Faux numéros d’enregistrement

Une recherche dans les logements toujours offerts met également en lumière plusieurs situations problématiques.

Selon le Regroupement des comités logement et associations de locataires du Québec (RCLALQ), « plusieurs annonces affichent un numéro de certification bidon, Airbnb ne faisant aucune vérification à cet égard ».

Ainsi, une annonce pour un « Charmant Airbnb avec vue sur la tour de l’Horloge dans le Vieux-Montréal » affiche un numéro de CITQ correspondant à un chalet situé à Austin, dans les Cantons-de-l’Est.

Rappelons que le zonage municipal ne permet pas les « résidences de tourisme » dans le Vieux-Montréal. La location touristique n’est permise que pour une résidence principale, pour laquelle il faut tout de même s’enregistrer auprès de la CITQ.

Les numéros indiqués dans plusieurs autres annonces de logements offerts dans le Vieux-Montréal sont inconnus dans l’outil de recherche de Bonjour Québec.

Un utilisateur d’Airbnb a même inscrit le numéro « 123 456 » dans la fiche de son logement.

Un même numéro d’enregistrement est souvent partagé par plusieurs appartements, alors que la loi oblige l’enregistrement de chaque logement.

Ailleurs aussi, des logements annoncés dans des endroits où la location touristique est interdite affichent le même numéro d’enregistrement, qui ne donne aucun résultat à la suite d’une recherche. C’est le cas de cinq appartements situés près du marché Jean-Talon, dans la Petite Italie, proposés par l’hôte Tiffany. Dans cet arrondissement, Rosemont–La Petite-Patrie, les résidences de tourisme commerciales ne sont autorisées que sur la Plaza St-Hubert.

Ces manipulations font dire au RCLALQ que « le prétendu retrait par Airbnb des annonces illégales est de la poudre aux yeux ».

Le RCLALQ dénonce avec véhémence ce tripotage par Airbnb et demande au gouvernement du Québec d’intervenir immédiatement pour mettre fin aux comportements illégaux de cette multinationale et des personnes qui en profitent.
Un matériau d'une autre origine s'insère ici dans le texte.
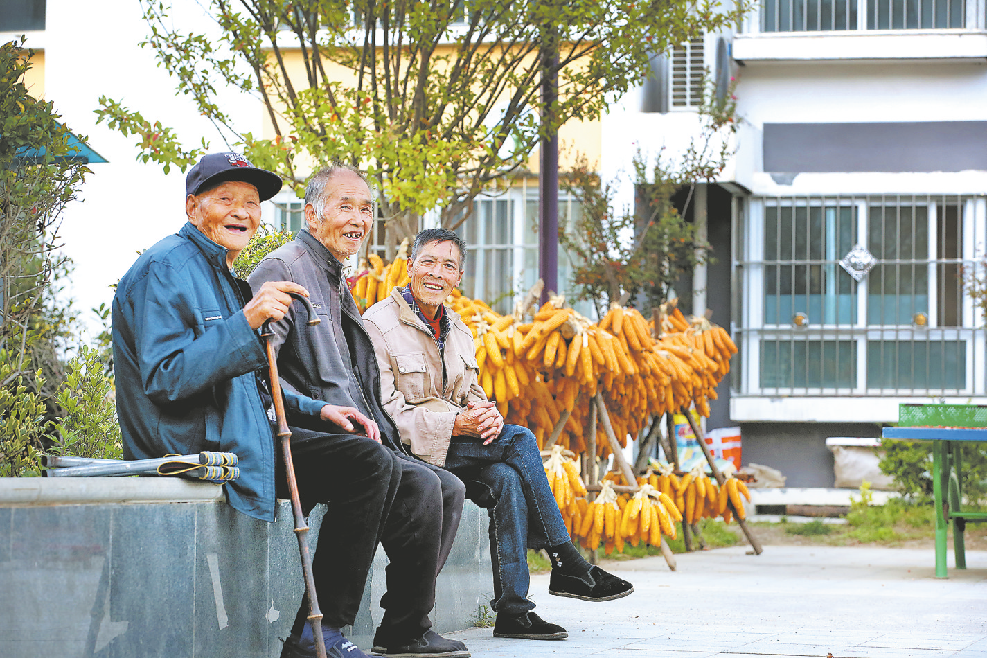 ?移民搬遷讓農(nóng)村生活更加幸福。圖為商州區(qū)燈塔村移民搬遷小區(qū)內(nèi)廣場上悠閑聊天的住戶。
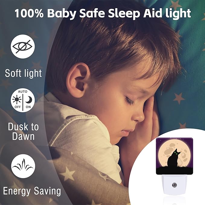 Halloween Spooky Black Cat Night Light Plug into Wall, Cat sit on Moon Dusk to Dawn Night Light,0.5w Energy Saving Sleep Friendly Nightlights for Kids Boys Girls Home Decor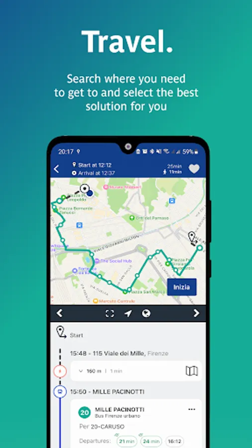 - Search where you need to get to and select the best solution for you; the app will notify you when it’s time to depart

Cédric Dussault, porte-parole du Regroupement des comités logement et associations de locataires du Québec

« Airbnb fait parvenir aux locateurs et locatrices un message leur suggérant d’opter pour des locations à long terme, soit de plus de 31 jours », dénonce le RCLALQ, une affirmation que nous avons pu vérifier en consultant l’un de ces messages.

Fausse résidence principale

Plusieurs propriétaires obtiennent un numéro de CITQ de façon frauduleuse en faisant croire que le logement annoncé est leur résidence principale, selon Murray Cox, fondateur du site Inside Airbnb, qui dénonce la location à court terme en raison de son impact sur le parc locatif.
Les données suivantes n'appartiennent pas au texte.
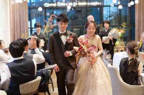 イエロー色をアクセントに様々なピンクが彩る高砂は、お二人の優しさを映し出すあたたかな空間。各シーンにゲストの皆様を交えて一緒に楽しみ、共有するパーティは改めて出会いに感謝し、大切に想う尊い時間に。エレガントなイメージチェンジのお色直しはゴールドグリッターが美しいチュールドレスに、マゼンタ色のスタイリッシュブーケでご入場。素敵な笑顔と「ありがとう」「おめでとう」が会場いっぱいに咲き誇ります。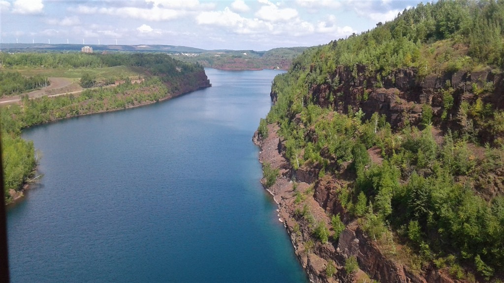 A view from the highest bridge in Minnesota spanning part of a no longer active open pit mine now filled with water outside the town of Virginia. The landscape you are viewing is man-made, not a natural feature.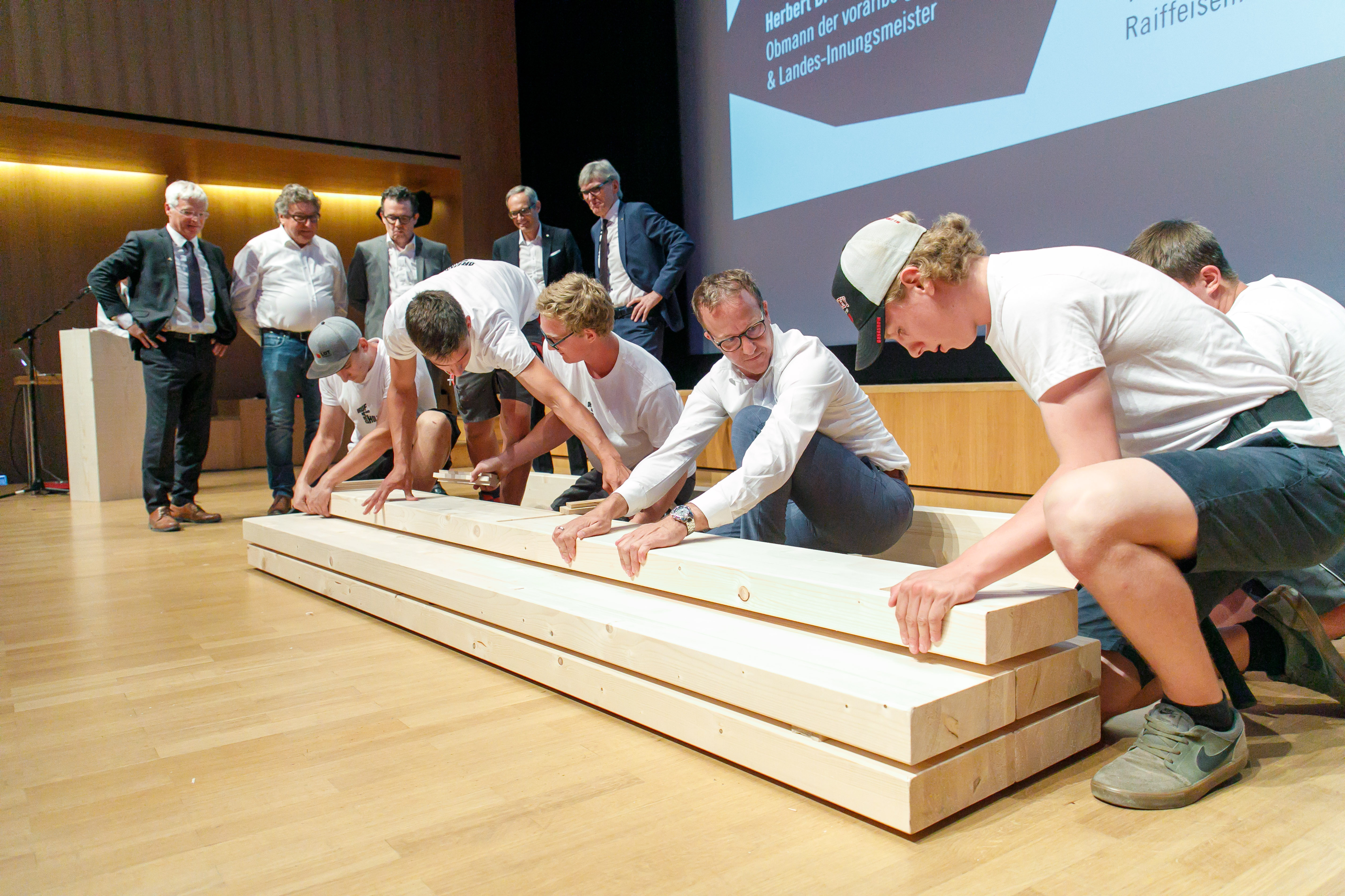 Dem Netzwerk vorarlberger holzbau_kunst mit Geschäftsführer Matthias Ammann an der Spitze gratulierte Gantner zur mehr als 20-jährigen Erfolgsgeschichte. „Dieser Preis ist eine innovative Aktion, die immer wieder wichtige Impulse setzt, hielt Gantner fest.

M. Cox estime que, en incitant les utilisateurs à annoncer leurs logements pour des périodes de plus de 31 jours, Airbnb les pousse dans une zone grise : ils n’ont plus à respecter la Loi sur l’hébergement touristique, mais ils risquent également de ne pas respecter les lois destinées à protéger les locataires, selon lui.

Au ministère du Tourisme, on affirme être au courant du problème. « La loi oblige les locateurs de toutes les catégories d’hébergement reconnu par la loi à obtenir et à afficher, peu importe où ils en font la promotion, un numéro d’enregistrement. Bien que les locateurs aient cette obligation, on constate que plusieurs plateformes font la promotion d’hébergement sans numéro ou avec un faux numéro d’enregistrement, » indique le porte-parole Jean-Manuel Téotonio, dans une réponse écrite à nos questions.
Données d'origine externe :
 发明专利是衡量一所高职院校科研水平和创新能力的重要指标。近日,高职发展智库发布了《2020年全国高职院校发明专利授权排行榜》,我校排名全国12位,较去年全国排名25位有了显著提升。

Il rappelle la volonté de la ministre du Tourisme, Caroline Proulx, de déposer au cours des prochaines semaines un projet de loi pour réviser la Loi sur l’hébergement touristique, afin de tenir responsables Airbnb et les autres plateformes du genre, qui ne pourront publier que des offres d’hébergement dûment certifiées, sous peine de sanctions.

En attendant, ceux qui font de l’hébergement touristique sans permis s’exposent toujours à des amendes.

Chez Airbnb, un porte-parole affirme qu’on encourage les « hôtes » à se plier aux règlements locaux, et qu’on propose aux gouvernements le Portail des villes, pour les aider à faire respecter leurs lois et à trouver les annonces sans numéro d’enregistrement valide.